Sandro Sangiorgi and Porthos
Teobaldo Cappellano and Vini Veri
Angiolino Maule and Vin Natur
Luca Gargano, Velier Triple A
Stefano Bellotti, Renaissance Italia
Francesco Paolo Valentini, winemaker
Maria Teresa Mascarello, winemaker
Corrado Dottori, winemaker
Luigi Anania, winemaker
Carlo Noro, biodynamic farmer
Franco Ziliani, journalist
Roberto Giuliani, LaVINIum
Marco Arturi, journalist
Andrea Scanzi, journalist and writer
Paolo Massobrio and Club di Papillon
Sergio Rossi, retailer
Remigio Bordini, agronomist
Michele Lorenzetti, enologist
Maurizio Castelli, enologist

Italian agriculture minister rebukes Brunello association and denies any involvement in “Guarantee Board”

In response to a press release issued Saturday by the Consorzio del Vino Brunello di Montalcino (Brunello producers association), the Italian Minister of Agriculture, Food, and Forestry Policies Luca Zaia issued the following press release Sunday:

    1. Information circulated by the press does not reflect the will of the minister nor does it represent current work by the offices of the Ministry of Agriculture, Food, and Forestry Policies.

    2. In particular, the Ministry categorically denies that it has been involved in or that there is any agreement on the project announced by the Consortium to newspapers.

    3. Through his own project, the minister is personally engaged in developing one of the most delicate case files in the Italian food industry, intended to restore Brunello’s international credibility and to allow one of our products of excellence to return to strategic markets like America.

    During the meetings of the FAO, the minister, through our Ministry of Foreign affairs, will be meeting with the American Agriculture Secretary Dan [sic] Schafer with the goal of avoiding the planned embargo.

[Editor’s note: the U.S. Agriculture Secretary is Ed Schafer; the FAO (United Nations Food and Agriculture Organization) summit opened today in Rome.]

Brunello producers association announces creation of a “Guarantee Board”

Following the Consorzio del Vino Brunello di Montalcino (Brunello producers association) plenary session Friday, May 30, the group of 256 affiliated Brunello producers has announced the creation of a “Board di Garanzia” or Guarantee Board that will submit future vintages of Brunello di Montalcino to rigorous testing and certification. In a press release issued on the Consorzio’s website the day after the meeting, the group hailed the formation of the body as “epic turning point” and “milestone” in the history of Italian viticulture since no such oversight commission exists in the panorama of Italian viticulture.

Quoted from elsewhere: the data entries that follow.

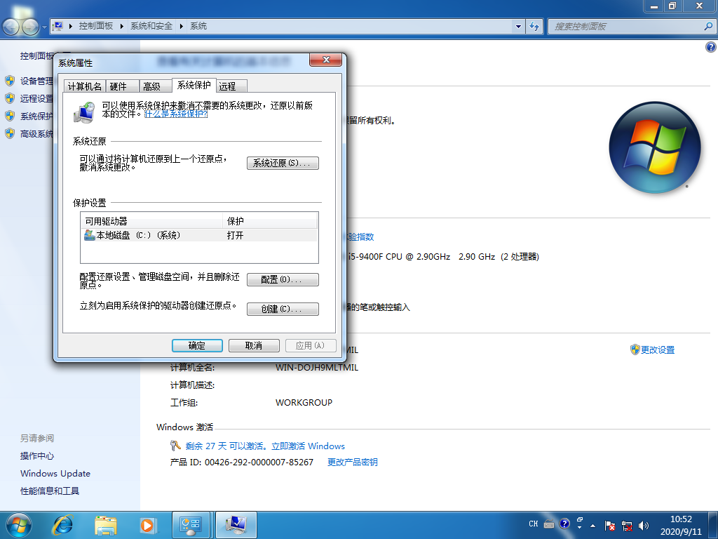 2.在弹出的窗口中点击系统保护,根据自己的需要选择保护设置。
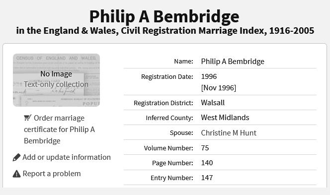 Birth Register Philip Anthony BEMBRIDGERegistered at Walsall on 29 September 1964 Volume 9b Page 1008 Mothers Maiden Name THOMAS
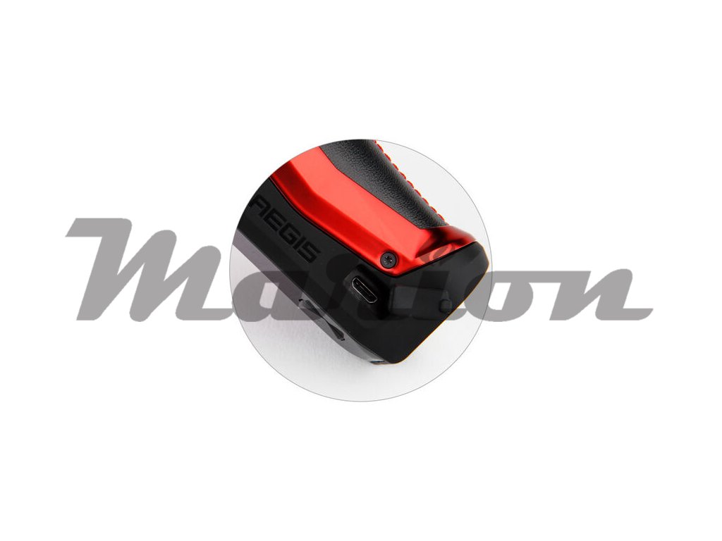 Samozřejmostí je také potom zvýšená ochrana proti prachu, mod se tedy skvěle hodí uživatelům, kteří pracují v prašném prostředí, nebo rádi cestují do přírody. V neposlední řadě se zde setkáte se zvýšenou nárazuvzdorností, nemusíte se tedy obávat, že vám mod přestane fungovat, pokud například vypadne z kapsy. Jedná se tak o naprosto perfektního pomocníka pro vyznavače outdoorových aktivit a aktivního životního stylu. Novinkou je potom přítomnost slotu pro externí baterii. Tento slot se nachází ve spodní části modu. Mod GeekVape Aegis Solo pracuje s jednou baterií typu 18650, díky které si budete moci uživat dlouhé hodiny nerušeného vapování a zároveň vysoký výstupní výkon, jež dosahuje až 100 W. V případě potřeby dobití jednoduše odklopíte silikonovou krytku u USB portu a baterii si pohodlně dobijete přímo v modu. Baterie 18650 není součástí základního balení a je nutné dokoupit ji k modu samostatně. Mod podporuje dobíjení proudem až 1,5 A, při zvolení kompatibilního adaptéru tak budete mít dobito neuvěřitelně rychle.
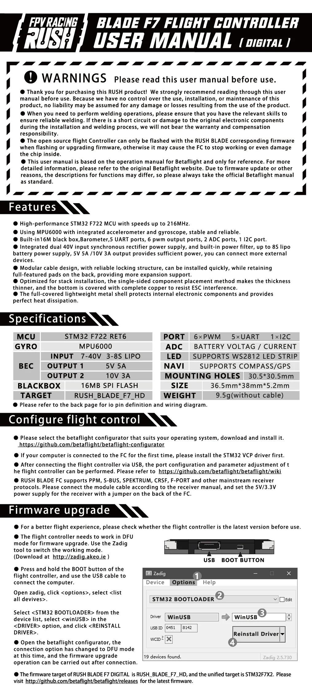 Товар: Полетный контроллер RUSH BLADE F722
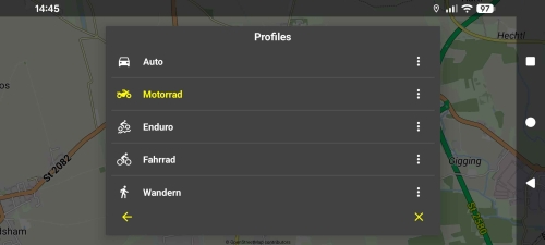 Also wäre es doch wirklich naheliegend, wenn man in den Profildaten auch PKWs und nicht nur Motorräder hinterlegen könnte. Oder nicht? Und das wäre bei Weitem nicht nur eine kosmetisch Anpassung. Abhägig von dem eingestellten Fahrzeugtyp könnte (müsste) man denn auch die Routengenerierung anpassen.

The proposed “board” is the result of meetings between the Consorzio and undersecretary of the Italian Ministry of Agriculture Antonio Bonfiglio. To be composed of three persons (as of yet undetermined), the board will be responsible for monitoring and “guaranteeing” the following:

  • the purity of Sangiovese in Brunello
  • conformity of viticultural practices, from the vineyard to production
  • traditional aging in wood [cask]
  • characteristic qualities and origin of the wine in territorial terms
  • [Editor's note: the above translation faithfully reflects the wording of the original.]

    Guidelines for the appointment of board members were not specified but the board will include “internationally renowned technical specialists,” according the statement.

    The statement did not directly address the upcoming visit of a delegation from the U.S. Alcohol and Tobacco Tax and Trade bureau or the bureau’s June 23 deadline for a response to its request for information regarding the Brunello controversy. However, the authors of the statement observed that the formation of the board “heads in the direction of a response to the Alcohol and Tobacco Tax and Trade bureau’s request” for information.